Abbiate sempre ed in ogni occasione rispetto di chi sta compiendo il vostro stesso percorso di crescita, accompagnandovi o guidandovi nel vostro viaggio di scoperta.

Siete pertanto invitati, qualora siate già in possesso di un accesso ai social a limitarvi ad un uso comunicativo funzionale, a rimuovere contenuti non rispettosi e a non creare gruppi di discussione riferiti a terze persone senza il loro consenso; siete invitati a non interpretare questi luoghi di discussione come “ring virtuali” simili a videogames in cui contendere. Non interpretate questi gruppi nemmeno come luoghi di tendenza da cui escludere chi secondo voi non rientra in certi canoni.

Questo equivarrebbe a chiudere una porta in faccia ad un vostro coetaneo, a sottolineare una sua presunta non adeguatezza.

Ricordatevi che di fronte ed intorno a voi ci sono persone, e non omini virtuali, che le sensibilità di tutti vanno completamente rispettate.

Cari genitori, a voi è richiesta una costante collaborazione con la scuola per arginare alcuni fenomeni di cattivo impiego di questi strumenti comunicativi che la modernità ci mette a disposizione.

Se i vostri ragazzi non hanno l’età necessaria per accedere ai social network e vi accorgete che aggirano l’ostacolo, vi siano chiare le vostre responsabilità in merito alla vigilanza rispetto all’utilizzo che ne fanno.

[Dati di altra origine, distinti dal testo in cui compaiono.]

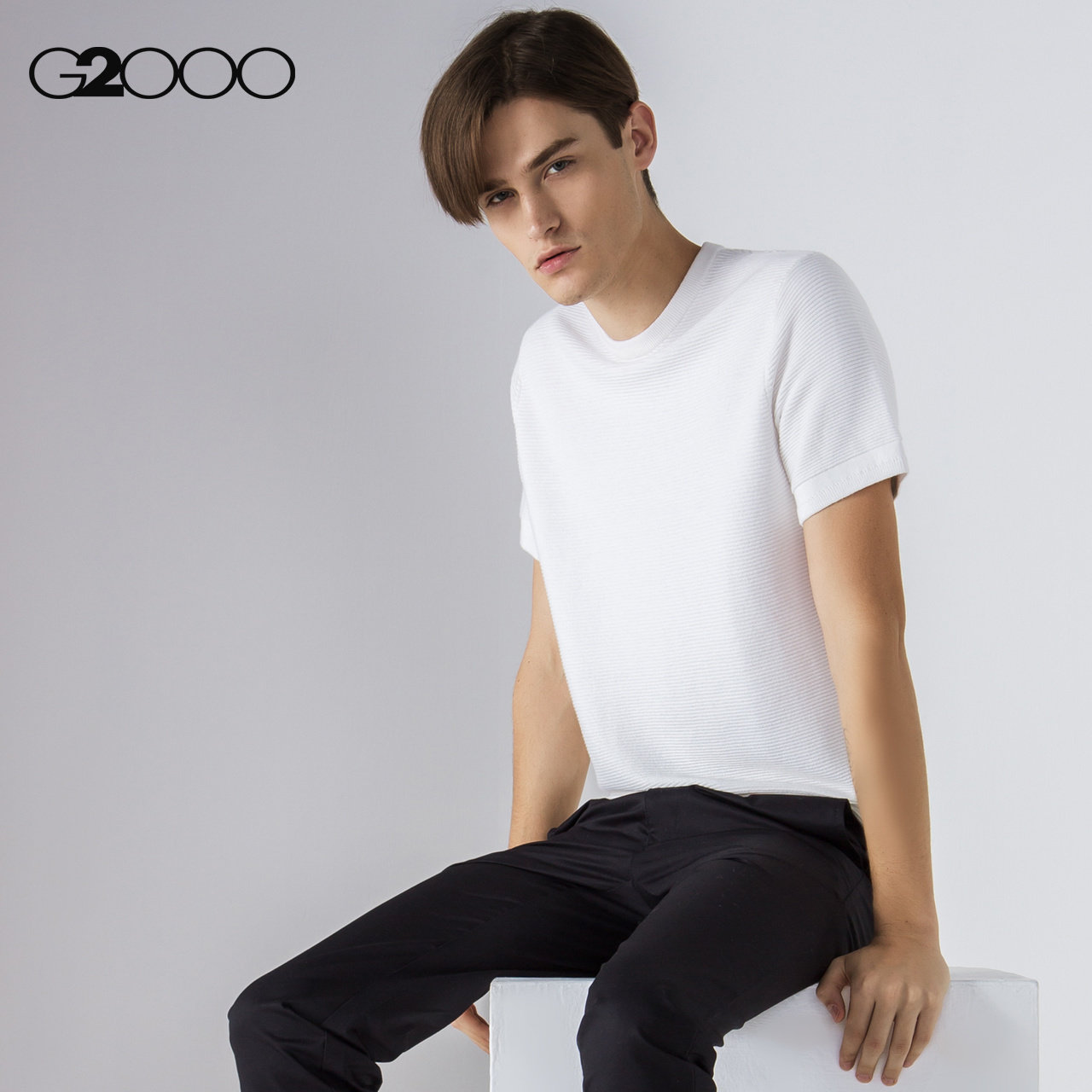 G2000 Весенняя трикотажная футболка с круглым воротником, короткий рукав
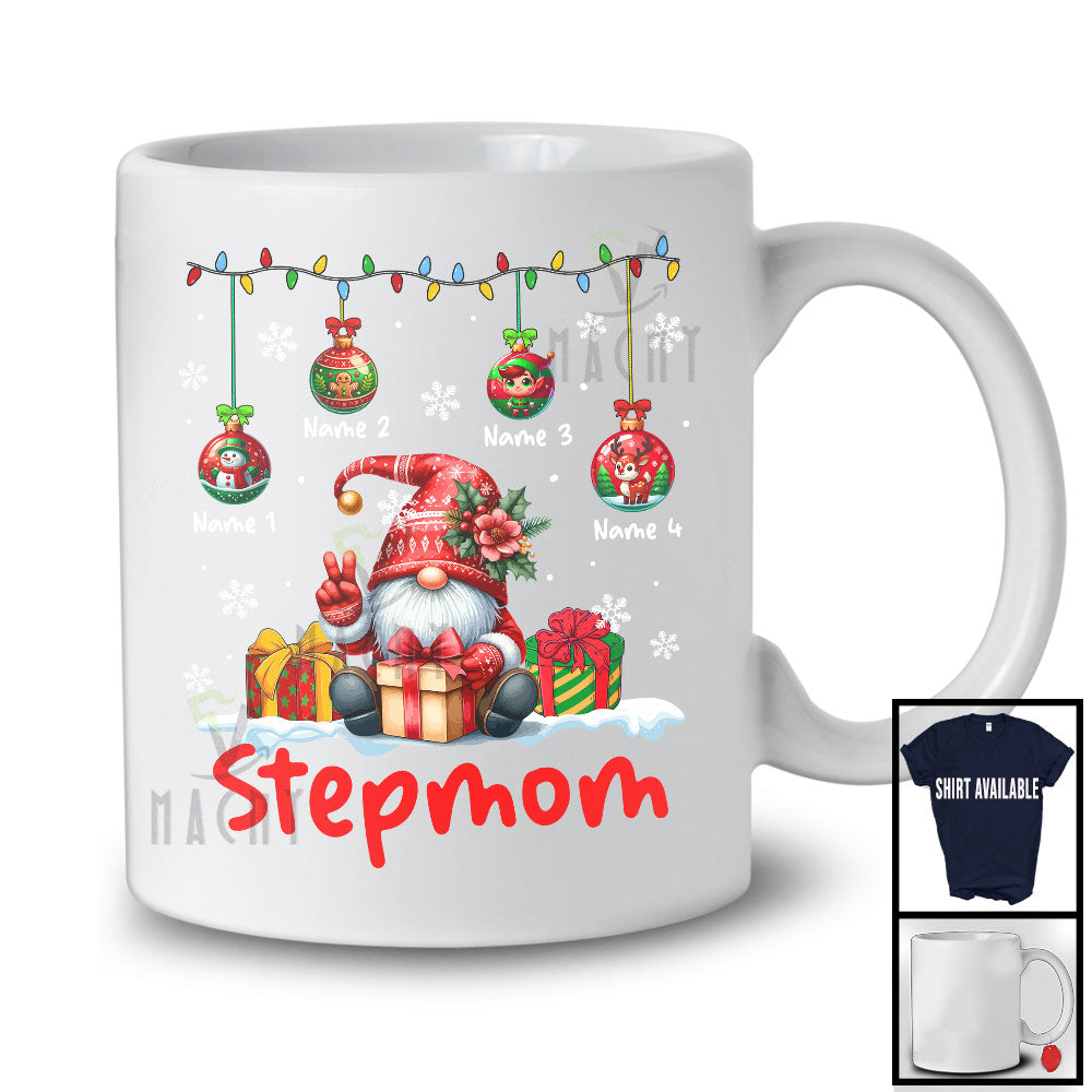 Personalized Custom Name Stepmom; Adorable Christmas Lights Ornaments Gnomes; Family T-Shirt. This cotton t-shirt is a durable staple product with a classic fit. One of the most popular items, it has a relaxed style made for everyday and casual wear.

Ai docenti che scrupolosamente già vigilano sul divieto dell’utilizzo del cellulare durante l’orario scolastico, raccomando una altrettanto costante e meticolosa attenzione sull’uso del telefono durante le uscite didattiche.

I ragazzi dovranno evitare di tenerli costantemente accessi ed aver cura di utilizzarli con le modalità previste nei luoghi che lo richiedano (inviti al silenzio, divieti di fotografia presenti in luoghi religiosi, biblioteche, musei), nel rispetto degli altri e delle regole che ciascuna situazione educativa, anche implicitamente richiama.

Confidando nella collaborazione di tutti, vi saluto cordialmente.

Approfitto dell’ occasione per invitarvi a consultare le nuove disposizioni europee in materia di privacy e dati personali ed il manuale “La privacy tra i banchi di scuola” disponibili sul nostro sito web nella sezione “Trattamento dati”.